** Task brief **
Please copy exactly the part of the records below that opens with the line containing "今日の給食に出た「豚丼」も人気で、みんな「おいしい!」と大喜びでした。" and closes with the line containing "Çekmeköy Şile Otoyolunda", leaving out any pictures.

** Data records **
────────────────────

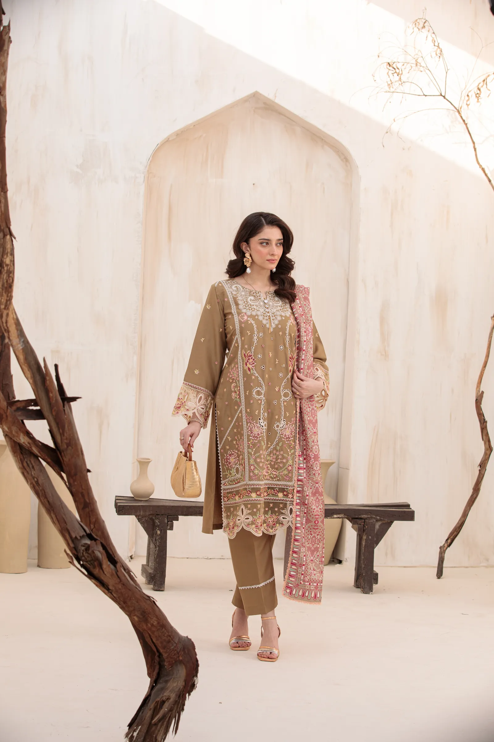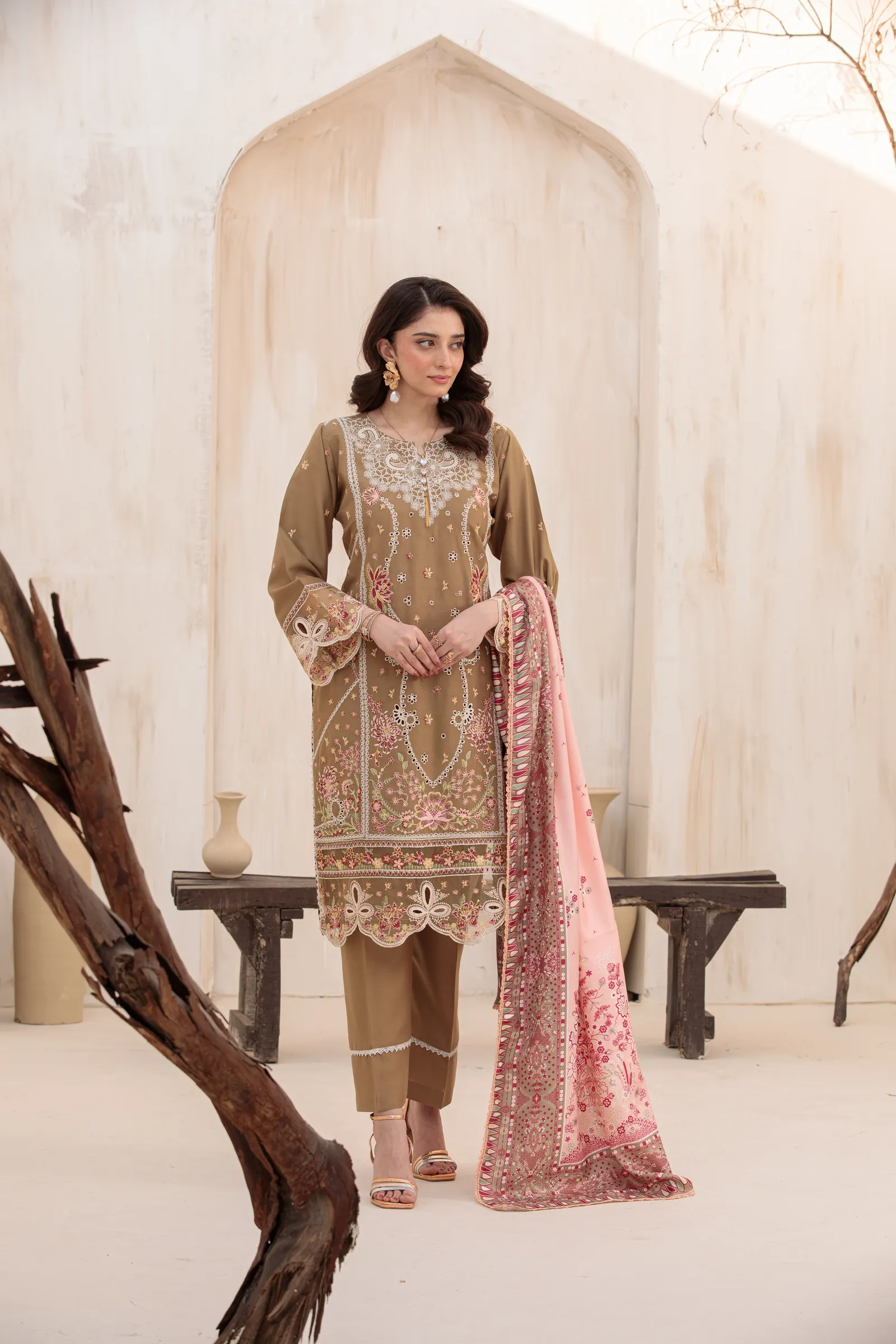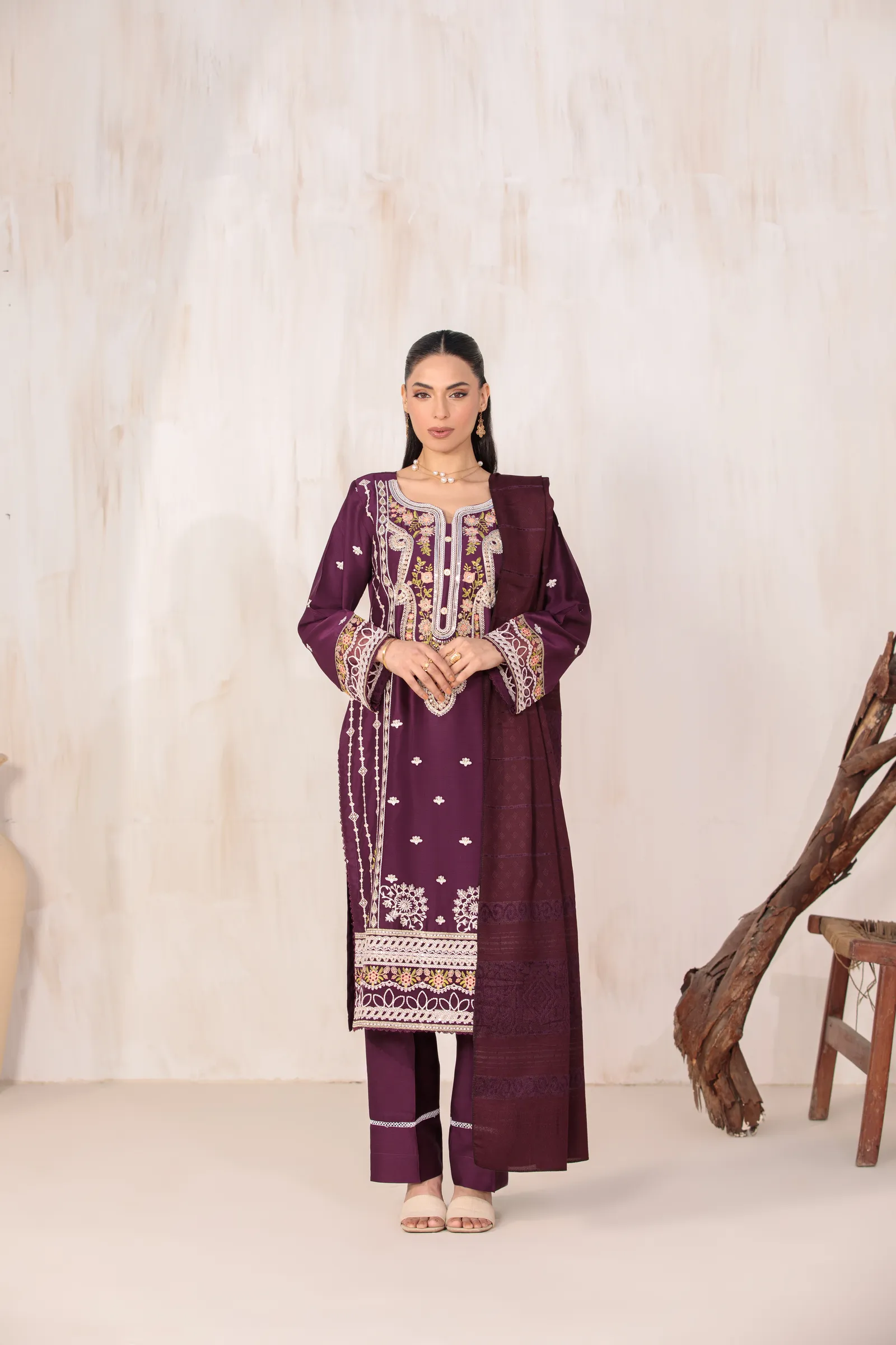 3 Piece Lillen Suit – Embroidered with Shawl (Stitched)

────────────────────

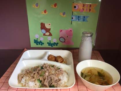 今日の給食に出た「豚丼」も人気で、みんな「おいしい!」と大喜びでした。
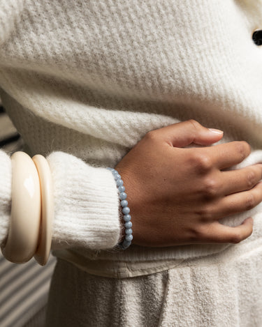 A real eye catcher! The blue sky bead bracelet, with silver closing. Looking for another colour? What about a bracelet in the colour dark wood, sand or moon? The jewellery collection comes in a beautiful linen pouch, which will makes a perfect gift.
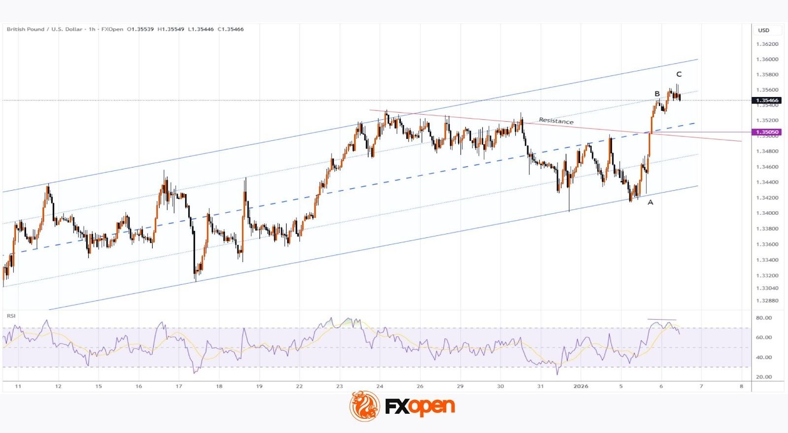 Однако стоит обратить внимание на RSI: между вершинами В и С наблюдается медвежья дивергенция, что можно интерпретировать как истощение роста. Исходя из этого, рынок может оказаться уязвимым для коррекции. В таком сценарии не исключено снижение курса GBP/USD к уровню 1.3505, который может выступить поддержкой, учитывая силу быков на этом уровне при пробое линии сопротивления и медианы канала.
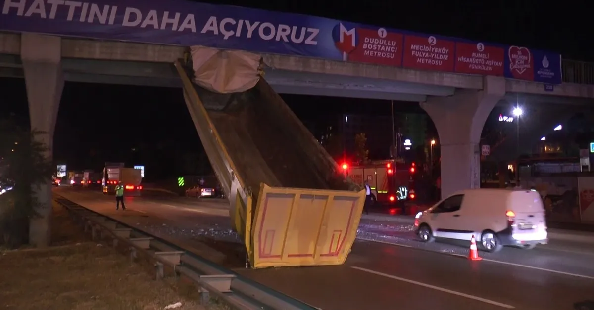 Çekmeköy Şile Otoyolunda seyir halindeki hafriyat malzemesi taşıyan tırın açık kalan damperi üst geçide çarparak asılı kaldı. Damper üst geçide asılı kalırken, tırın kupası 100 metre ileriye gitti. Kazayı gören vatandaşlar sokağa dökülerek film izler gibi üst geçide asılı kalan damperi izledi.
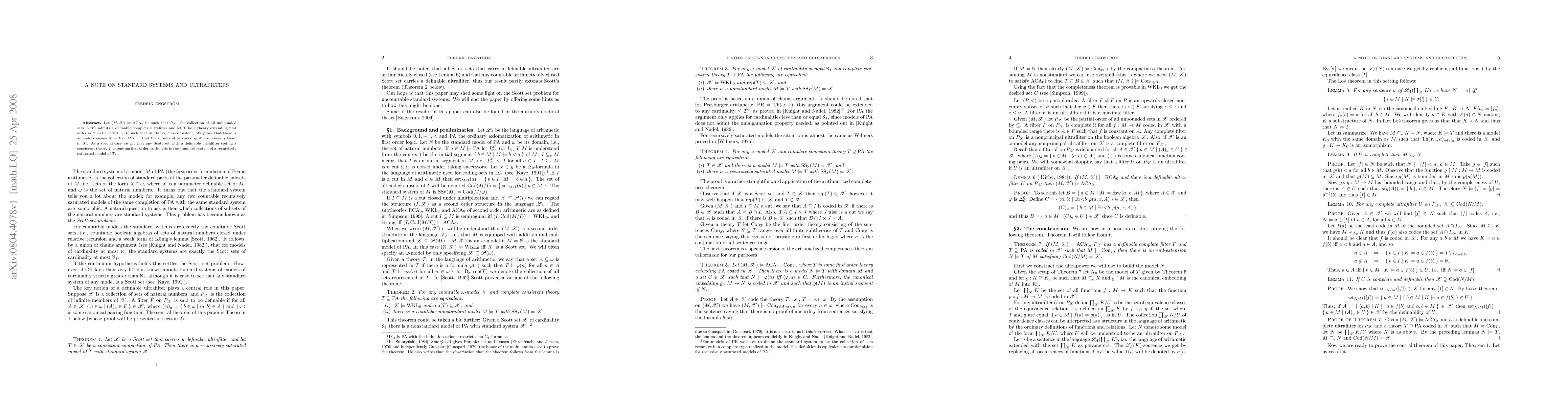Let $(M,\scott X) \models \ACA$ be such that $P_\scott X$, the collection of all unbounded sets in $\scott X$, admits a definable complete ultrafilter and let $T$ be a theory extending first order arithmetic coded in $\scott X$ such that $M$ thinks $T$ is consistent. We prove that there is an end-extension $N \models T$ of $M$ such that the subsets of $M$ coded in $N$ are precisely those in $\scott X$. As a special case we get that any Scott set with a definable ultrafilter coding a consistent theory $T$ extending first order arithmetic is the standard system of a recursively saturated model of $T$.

────────────────────

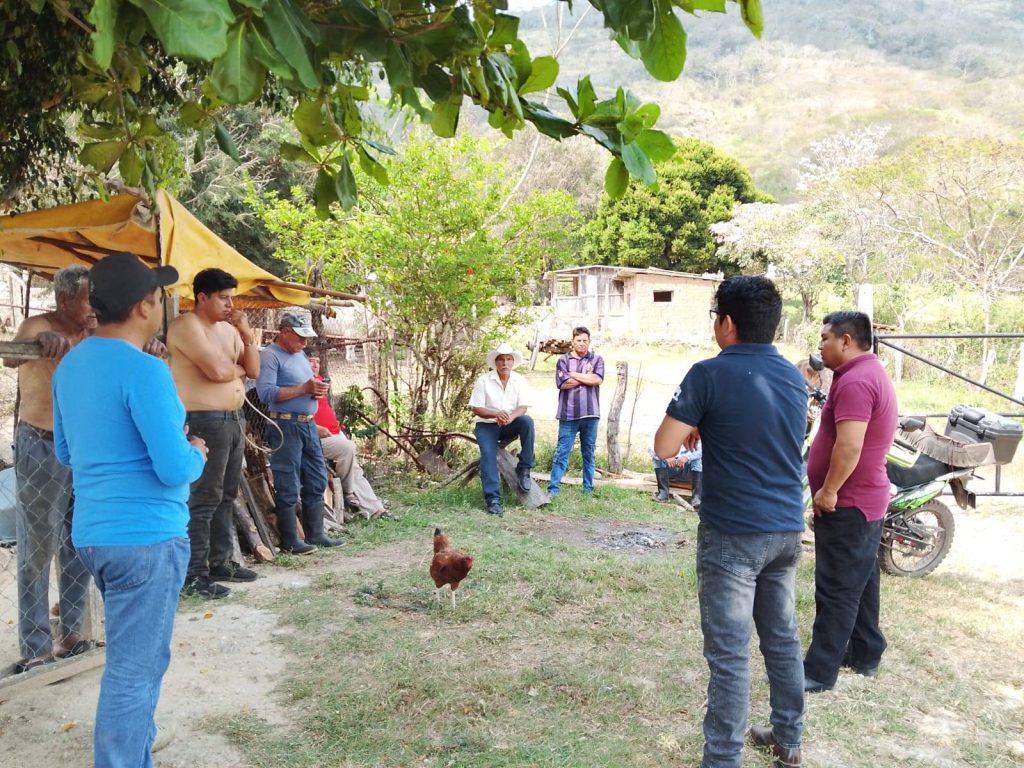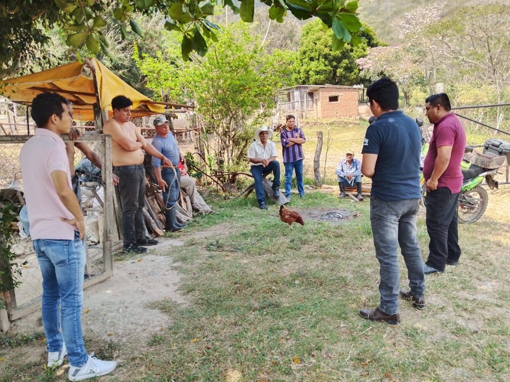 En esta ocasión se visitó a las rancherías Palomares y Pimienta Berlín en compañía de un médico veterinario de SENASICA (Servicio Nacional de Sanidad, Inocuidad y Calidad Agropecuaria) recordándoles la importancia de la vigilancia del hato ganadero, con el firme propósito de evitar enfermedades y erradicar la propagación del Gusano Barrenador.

────────────────────

** Exercise solution **
 今日の給食に出た「豚丼」も人気で、みんな「おいしい!」と大喜びでした。
 A real eye catcher! The blue sky bead bracelet, with silver closing. Looking for another colour? What about a bracelet in the colour dark wood, sand or moon? The jewellery collection comes in a beautiful linen pouch, which will makes a perfect gift.
 Однако стоит обратить внимание на RSI: между вершинами В и С наблюдается медвежья дивергенция, что можно интерпретировать как истощение роста. Исходя из этого, рынок может оказаться уязвимым для коррекции. В таком сценарии не исключено снижение курса GBP/USD к уровню 1.3505, который может выступить поддержкой, учитывая силу быков на этом уровне при пробое линии сопротивления и медианы канала.
 Çekmeköy Şile Otoyolunda seyir halindeki hafriyat malzemesi taşıyan tırın açık kalan damperi üst geçide çarparak asılı kaldı. Damper üst geçide asılı kalırken, tırın kupası 100 metre ileriye gitti. Kazayı gören vatandaşlar sokağa dökülerek film izler gibi üst geçide asılı kalan damperi izledi.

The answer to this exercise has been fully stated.